As part of the previously announced strategic review process undertaken by Artemis to identify value-enhancing strategic alternatives for the Fund, the proposed Fund Conversion transaction was identified as an opportunity to provide Unitholders with the ability to participate in historic rates of appreciation of residential real estate. In connection with the Fund Conversion, Unitholders will be asked to approve certain amendments to the Fund’s declaration of trust, including amending the Fund’s investment strategy, objectives, and restrictions for the limited purpose of permitting the Fund to, and only to the extent required to permit the Fund to, exclusively invest in a portfolio of resale residential real estate properties in Canada through co-ownership agreements with homebuyers and reducing the management expense ratio (which includes the management fee) to a cap of 2.5% and to remove the annual and monthly redemption rights of Unitholders. After giving effect to the Fund Conversion, the Fund will no longer be an investment fund, and will operate as a non-investment fund reporting issuer.
Notice of the Redemption Offer and the timing of the Special Meeting will be provided to Unitholders next week in accordance with the Fund’s declaration of trust.
For further information, please contact your financial advisor or Kingsdale Advisors at 1-800-395-7251 (toll-free in North America) or 416-623-2513 (collect outside North America) or by email at [email protected], or Artemis Investment Management’s investor relations line at (416) 934-7455 or visit our website at www.artemisfunds.ca.

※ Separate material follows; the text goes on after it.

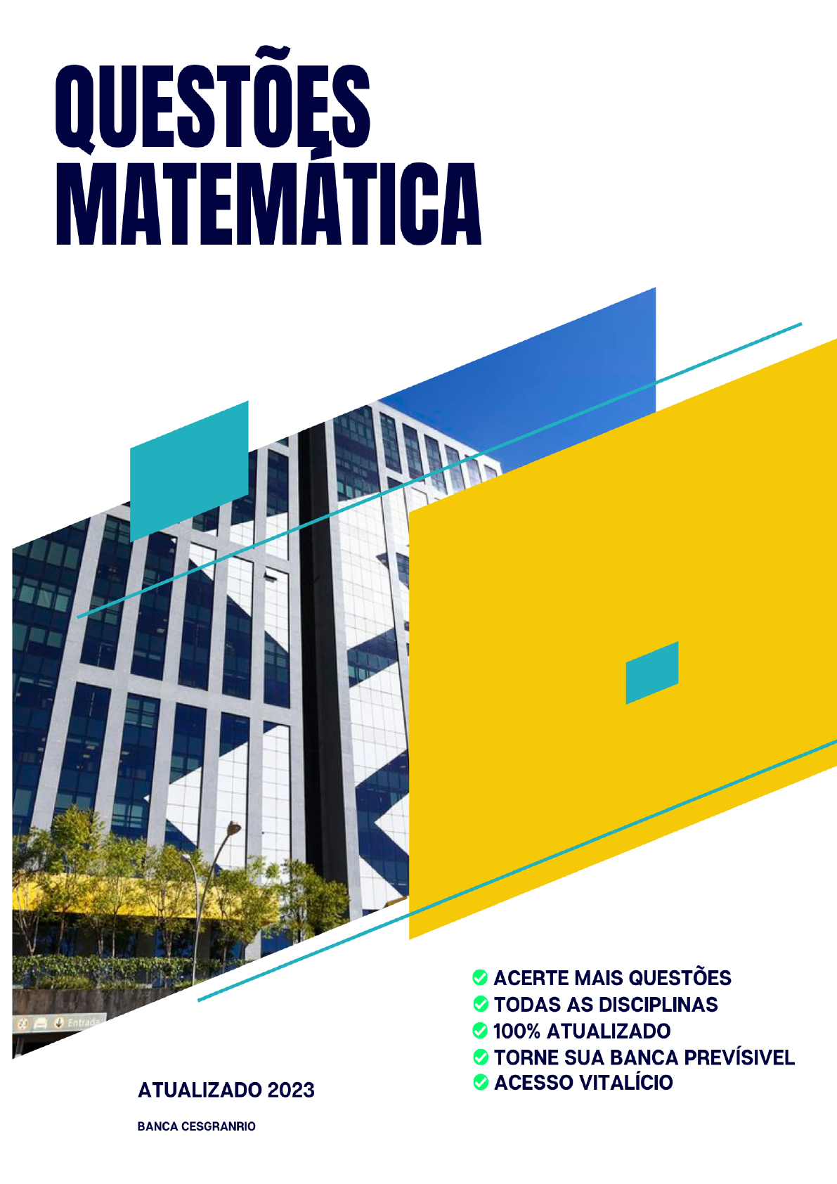 <p>MATEMÁTICA</p><p>Questão 1</p><p>Assunto: Definição, subconjuntos, inclusão e</p><p>pertinência, operações, conjunto das partes</p><p>Os conjuntos P e Q têm p e q elementos,</p><p>respectivamente, com p + q = 13.</p><p>Sabendo-se que a razão entre o número de</p><p>subconjuntos de P e o número de</p><p>subconjuntos de Q é 32, quanto vale o produto</p><p>pq?</p><p>a) 16</p><p>b) 32</p><p>c) 36</p><p>d) 42</p><p>e) 46</p><p>Questão 2</p><p>Assunto: Número de elementos da união, da</p><p>intersecção, do complemento e da diferença</p><p>Em uma central de telemarketing com 42</p><p>funcionários, todos são atenciosos ou</p><p>pacientes. Sabe-se que apenas 10% dos</p><p>funcionários atenciosos são pacientes e que</p><p>apenas 20% dos funcionários pacientes são</p><p>atenciosos.</p><p>Quantos funcionários são atenciosos e</p><p>pacientes?</p><p>a) 1</p><p>b) 3</p><p>c) 9</p><p>d) 12</p><p>e) 27</p><p>Questão 3</p><p>Assunto: Adição, subtração, multiplicação e</p><p>divisão de números naturais</p><p>A capacidade máxima de carga de um</p><p>caminhão é de 2,670 toneladas (t). Duas</p><p>cargas de grãos estão destinadas a esse</p><p>caminhão: a primeira, de 2,500 t e, a segunda,</p><p>de 0,720 t.</p><p>A soma das massas das duas cargas</p><p>destinadas ao caminhão excede a sua</p><p>capacidade máxima em</p><p>a) 0,100 t</p><p>b) 0,550 t</p><p>c) 0,593 t</p><p>d) 1,450 t</p><p>e) 1,648 t</p><p>Questão 4</p><p>Assunto: Adição, subtração, multiplicação e</p><p>divisão de números naturais</p><p>Pouca gente sabe, mas uma volta completa no</p><p>planeta Terra, no perímetro do Equador,</p><p>corresponde a cerca de 40.000 km.</p><p>Observe, na imagem, a quilometragem</p><p>indicada no hodômetro de um veículo.</p><p>Considerando-se os dados do texto e a</p><p>imagem acima, quantos quilômetros esse</p><p>veículo ainda terá que percorrer para</p><p>2</p><p>completar o equivalente a três voltas no</p><p>perímetro do Equador da Terra?</p><p>a) 51.308</p><p>b) 38.602</p><p>c) 31.308</p><p>d) 28.692</p><p>e) 28.620</p><p>Questão 5</p><p>Assunto: Adição, subtração, multiplicação e</p><p>divisão de números naturais</p><p>Considere cinco punhados idênticos de feijões,</p><p>ou seja, com a mesma quantidade de feijão.</p><p>Tais punhados estão enfileirados e numerados</p><p>do primeiro ao quinto. Uma pessoa retira de</p><p>cada punhado, exceto do terceiro, três feijões</p><p>e os coloca no terceiro punhado. Em seguida,</p><p>essa pessoa retira do terceiro punhado tantos</p><p>feijões quantos restaram no segundo e os</p><p>coloca no primeiro punhado.</p><p>Após os procedimentos realizados por essa</p><p>pessoa, quantos feijões sobraram no terceiro</p><p>punhado?</p><p>a) 7</p><p>b) 15</p><p>c) 9</p><p>d) 12</p><p>e) 10</p><p>Questão 6</p><p>Assunto: Adição, subtração, multiplicação e</p><p>divisão de números naturais</p><p>A Figura a seguir mostra as flores de um</p><p>canteiro, e o número abaixo de cada flor</p><p>representa a quantidade, em mg, de pólen de</p><p>cada uma das flores.</p><p>Uma abelha visita esse canteiro para colher</p><p>pólen, mas consegue carregar, no máximo, 8</p><p>mg de pólen por viagem. Sabe-se ainda que,</p><p>em cada viagem, a abelha colhe o pólen de</p><p>uma única flor, que pode ser revisitada em</p><p>outras viagens.</p><p>Qual a quantidade máxima de pólen, em mg,</p><p>que essa abelha consegue colher em 24</p><p>viagens?</p><p>a) 180</p><p>b) 192</p><p>c) 184</p><p>d) 191</p><p>e) 190</p><p>Questão 7</p><p>Assunto: Adição, subtração, multiplicação e</p><p>divisão de números naturais</p><p>Observe a adição:</p><p>Sendo E e U dois algarismos não nulos e</p><p>distintos, a soma E + U é igual a</p><p>a) 13</p><p>b) 14</p><p>3</p><p>c) 15</p><p>d) 16</p><p>e) 17</p><p>Questão 8</p><p>Assunto: Adição, subtração, multiplicação e</p><p>divisão de números naturais</p><p>Na multiplicação por 2 mostrada abaixo, que</p><p>foi feita corretamente, cada letra representa</p><p>um algarismo; letras iguais representam o</p><p>mesmo algarismo e letras diferentes</p><p>representam algarismos diferentes. A palavra</p><p>GENTE representa um número de 5 algarismos</p><p>e IBGE representa um número de 4</p><p>algarismos. G e I, portanto, são diferentes de</p><p>zero.</p><p>I B G E</p><p>×2</p><p>--------------------</p><p>GENTE</p><p>O valor da expressão G+E+I+T⋅B−N é</p><p>a) 6</p><p>b) 8</p><p>c) 13</p><p>d) 18</p><p>e) 21</p><p>Questão 9</p><p>Assunto: Adição, subtração, multiplicação e</p><p>divisão de números naturais</p><p>Durante 185 dias úteis, 5 funcionários de uma</p><p>agência bancária participaram de um rodízio.</p><p>Nesse rodízio, a cada dia, exatamente 4 dos 5</p><p>funcionários foram designados para trabalhar</p><p>no setor X, e cada um dos 5 funcionários</p><p>trabalhou no setor X o mesmo número N de</p><p>dias úteis.</p><p>O resto de N na divisão por 5 é</p><p>a) 4</p><p>b) 3</p><p>c) 0</p><p>d) 1</p><p>e) 2</p><p>Questão 10</p><p>Assunto: Adição, subtração, multiplicação e</p><p>divisão de números naturais</p><p>Apenas três equipes participaram de uma</p><p>olimpíada estudantil: as equipes X, Y e Z.</p><p>A Tabela a seguir apresenta o número de</p><p>medalhas de ouro, de prata e de bronze</p><p>obtidas por essas equipes.</p><p>ouro prata bronze total</p><p>Equipe X 3 4 2 9</p><p>Equipe Y 1 6 8 15</p><p>Equipe Z 0 9 5 14</p><p>De acordo com os critérios adotados nessa</p><p>competição, cada medalha dá a equipe uma</p><p>pontuação diferente: 4 pontos por cada</p><p>medalha de ouro, 3 pontos por cada medalha</p><p>de prata e 1 ponto por cada medalha de</p><p>bronze. A classificação final das equipes é dada</p><p>pela ordem decrescente da soma dos pontos</p><p>de cada equipe, e a equipe que somar mais</p><p>pontos ocupa o primeiro lugar.</p><p>Qual foi a diferença entre as pontuações</p><p>obtidas pelas equipes que ficaram

Certain statements in this press release are “forward-looking” within the meaning of applicable Canadian securities laws, including but not limited to statements about the redemption offer and matters relating thereto. Forward‐looking statements are generally, but not always, identified by the words “expects”, “plans”, “anticipates”, “in the event”, “if”, “believes”, “asserts”, “position”, “intends”, “envisages”, “assumes”, “recommends”, “estimates”, “approximate”, “projects”, “potential”, “indicate” and similar expressions, or that events or conditions “will”, “would”, “may”, “could” or “should” occur. In this news release, forward-looking statements relate to, among other things, statements regarding: the timing for the Special Meeting, shareholder and regulatory approvals with respect to the Redemption Offer, the ability of the Fund to complete the Fund Conversion and the timing of any required approvals and consents with respect thereto. Forward‐looking statements are necessarily based upon the current belief, opinions and expectations of the Fund that, while considered reasonable by the Fund, are inherently subject to significant risks and uncertainties that could cause the outcome to differ materially from current expectations. Such risks and uncertainties include, among others, litigation, regulatory, business, economic, competitive, political and social uncertainties and other contingencies. Many factors could cause the Fund’s actual results to differ materially from those expressed or implied in the forward‐looking statements. These factors include, among others, uncertainties related to the Redemption Offer, the Special Meeting, and the Fund Conversion, as well as other risk factors set out under the heading “Risk” in the Fund’s Annual Report for the year ended December 31, 2022, which is available on SEDAR+ at www.sedarplus.ca. There can be no assurance that such statements will prove to be accurate, as actual results and future events could differ materially from those anticipated in such statements. Investors are cautioned not to put undue reliance on forward‐looking statements due to the inherent uncertainty therein. Except as required by law, the Fund assumes no obligation to update the forward-looking statements of beliefs, opinions, projections, or other factors, should they change.